Kochana babciu Annie,
Dzisiaj pierwszy raz chłopak spojrzał na mnie bez obrzydzenia na twarzy. Moja dieta działa! Chociaż ja zmiany nie widzę. Nadal pozbyła bym się tych obrzydliwych fałdek na brzuchu i rozstępów na udach. John, bo tak ma na imię ten chłopak, jest nowy w naszej klasie. Usiadł dziś ze mną na matematyce i pomógł mi zrozumieć materiał z dzisiejszej lekcji. Jest dobry z geometrii. Niestety w ten sam sposób uśmiechał się do Katie, która jest o wiele ładniejsza i chudsza ode mnie. Śmiali się na przerwach. Chciałam do nich podejść, ale... Kiedy to zrobiłam, słyszałam jak oboje o mnie rozmawiali i śmiali się. Zabolało. Od zawsze wiedziałam, że Katie to suka. Na szczęście nie uroniłam przy nich żadnej łzy. Za to teraz nie mogę wyrzucić tego z głowy.Kiedy wysiadłam z auta taty, od razu w moje oczy rzucił się Gabriel, który czekał przy bramie. Na mój widok lekko uśmiechnął się i pomachał w moją stronę.
Zdezorientowana, odmachałam mu.
— Czemu on do ciebie macha? — szepnęła moja siostra z wyrzutem.
— Żeby się przywitać? — przeciągałam słowa, niepewna czy na taką odpowiedź czekała.
Gabriel wywoływał u mnie niepokój. Przytaczał mnie swoją osobą, pewnością siebie i podejściem do innych ludzi. On nie wahał się, w porównaniu do mnie, czy podejść czy zagadać. Po prostu to robił.
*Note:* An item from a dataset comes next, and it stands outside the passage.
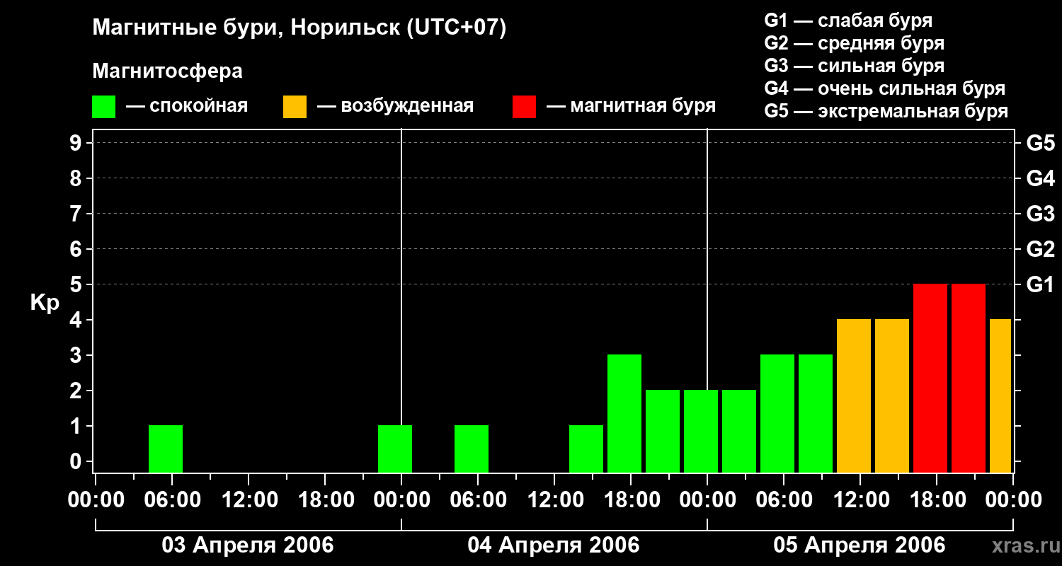 Магнитные бури в Норильске — 5 апреля 2006 года
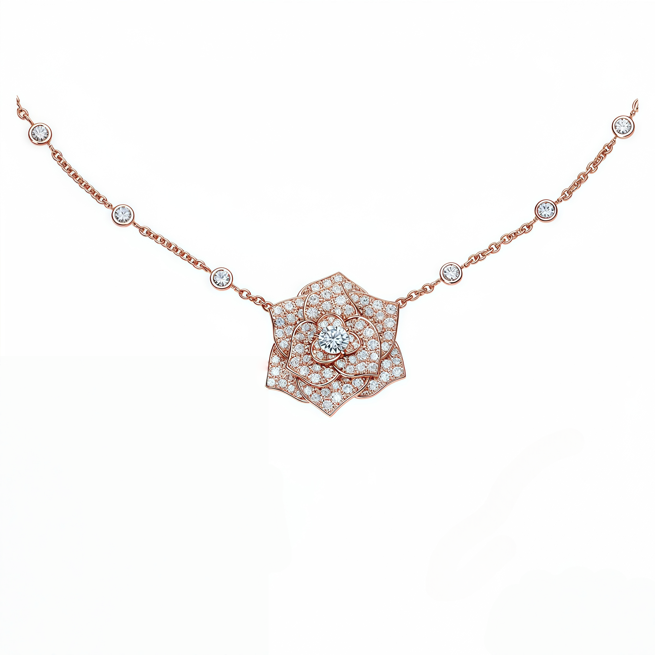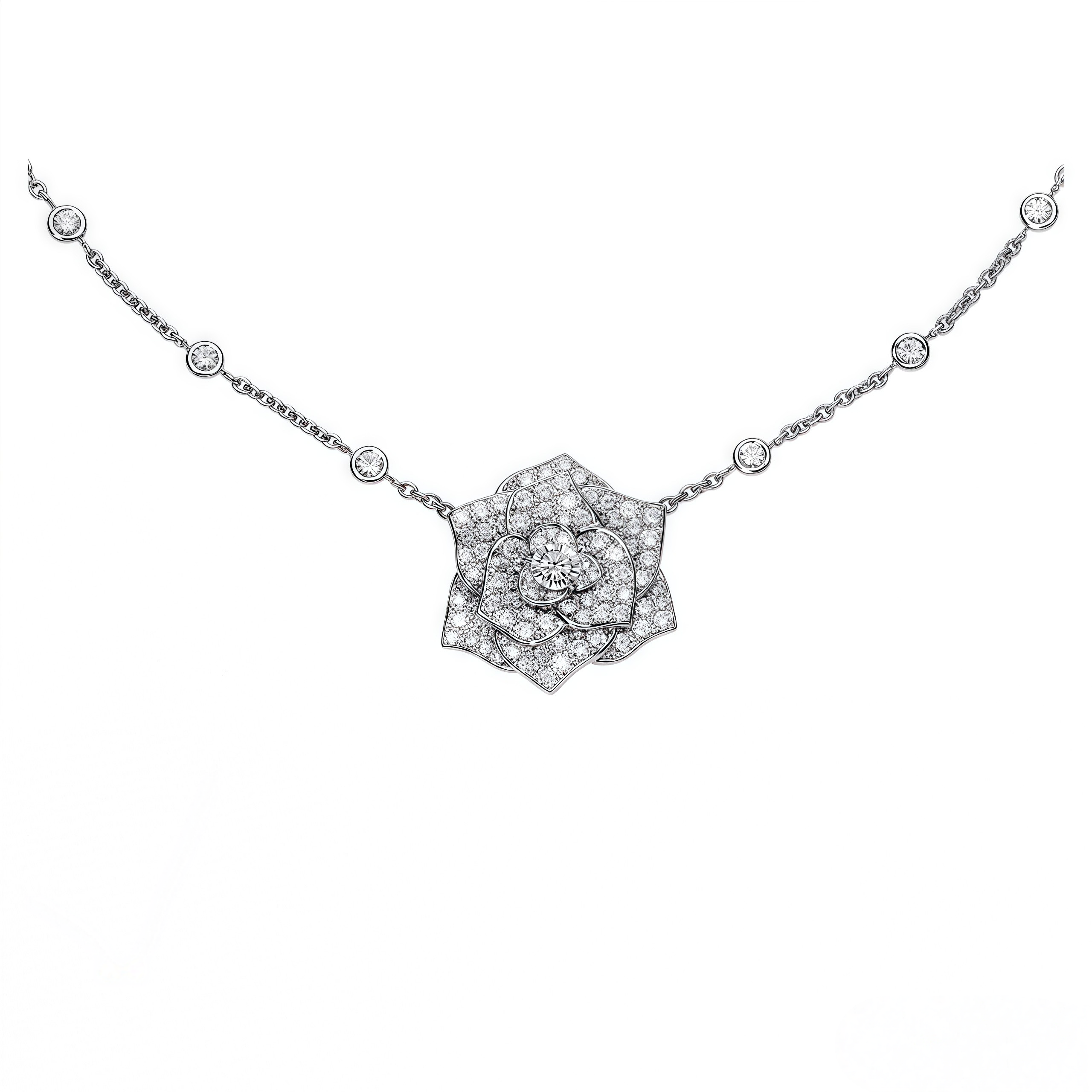 Masterful artistry in every petal. This luxurious necklace showcases a dimensional floral bloom, meticulously handset with hundreds of stones to create a brilliant, lifelike texture. The look is completed with a diamond-studded chain, adding an extra layer of sophistication to this exquisite statement piece.

Zazdrościłam mu tego. Gdybym to ja chciała podejść i zapytać o głupie zadanie domowe zaczęłabym się jąkała i wyglądała jak dorodna truskawka.
Od kiedy pamiętam podziwiałam ekstrawertyków. Byli otwarci i uśmiechali się do wszystkich. Jednakże ich gadanie, gdy mówili do mnie dużej niż godzina czy dwie, zaczynało być to męczące. Jakby nie umieli chociaż pięciu minut posiedzieć w ciszy i nie wiercić się. Moim zdaniem, to był ich minus. Cała reszta była jednym wielkim plusem.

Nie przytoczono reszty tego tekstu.